ARUNDHATI ROY: Well, I met Assange a few years ago at the Ecuadorean Embassy. I was and am an admirer of WikiLeaks. The trouble is, of course, that there’s a sort of—you know, these issues of sexual assault are separate, in my mind, from the idea of his extradition to the U.S. Now, I don’t know—I’m unable to read what this new demand by Sweden is. Is it really to try him for rape, or is it because the U.S. feels it can get him extradited from Sweden easier than it can from England, from London? I don’t know. You know, I don’t know.

But I think it’s absolutely right that if you are going to send Julian Assange to Guantánamo Bay, then you’re really attacking people who publish news that the world needs to know. Although the charge against him, they are trying to say, is that he was trying to help and encourage Chelsea Manning to hack into the Pentagon computers, which I think is a flimsy charge.

AMY GOODMAN: Many journalists are deeply concerned about this, because when they are working with a source, and the source says, “How do I get this information to you?” it is very difficult when the government says, “You solicited this,” when a source is trying to be protected and trying to figure out the safest way to get information they feel is critical to understanding—in this case, war, Iraq War, Afghanistan War, State Department memos.
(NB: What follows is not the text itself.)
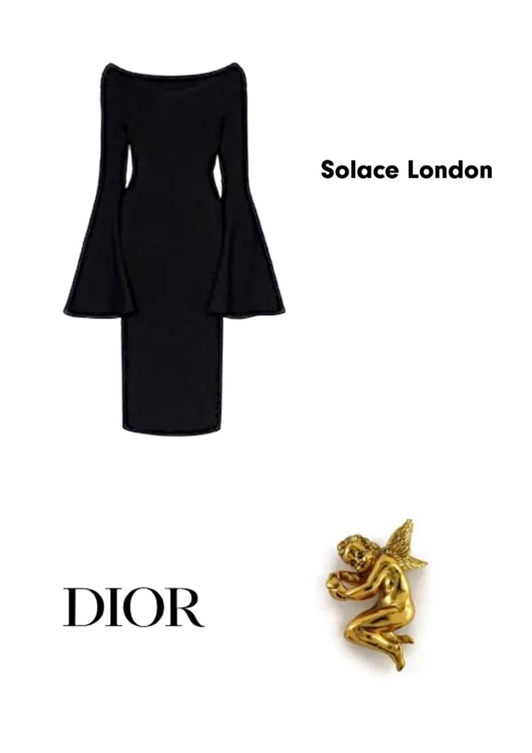 在偏暗沉的底色上,配饰就显得极其重要,她很精心地用dior angel brooch胸针点缀在solace london连衣裙上,一切都拿捏得刚好,释放成熟优雅的美丽。
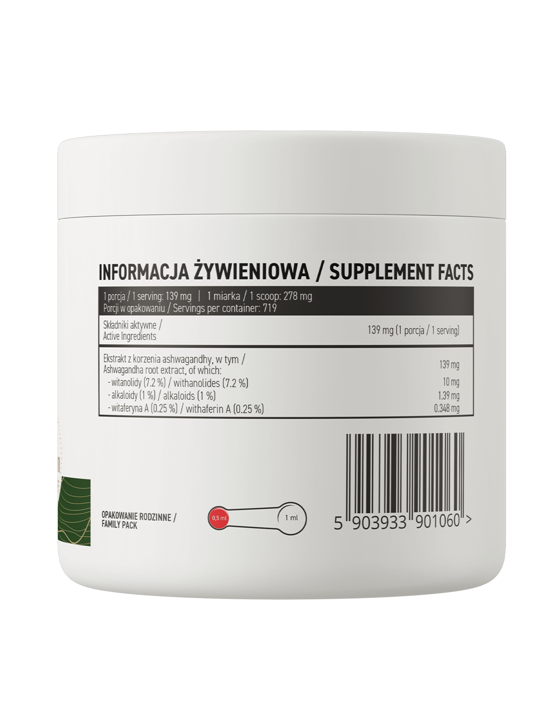 - La source de substances précieuses - Une portion du complément alimentaire apporte à l'organisme 139 mg d'extrait de racine d'ashwagandha standardisé à 7,2% de withanolides, 1% d'alcaloïdes et 0,25% de vitaférine A.

ARUNDHATI ROY: It’s outrageous, basically, because what about all the documents that Snowden leaked? You know, people have published them. Are they going to be put into prison? What about the people who helped Snowden to escape? Are they going to be put into prison? Where does this end, then? So it’s a very serious step. It’s not about Assange. It’s not about whether he’s a nice man or a not-nice man, or whether he raped someone or didn’t. If he did, he should be punished for it. That’s a separate matter from this. And we oughtn’t to get into this mess about, oh, you know, would it be—is it OK because you like him or you don’t like him. It’s not about him as a person. I don’t know him personally. And if he has indeed raped somebody, he should be punished for that. But that is not the same thing as the WikiLeaks enterprise. And that enterprise concerns us all. All of us.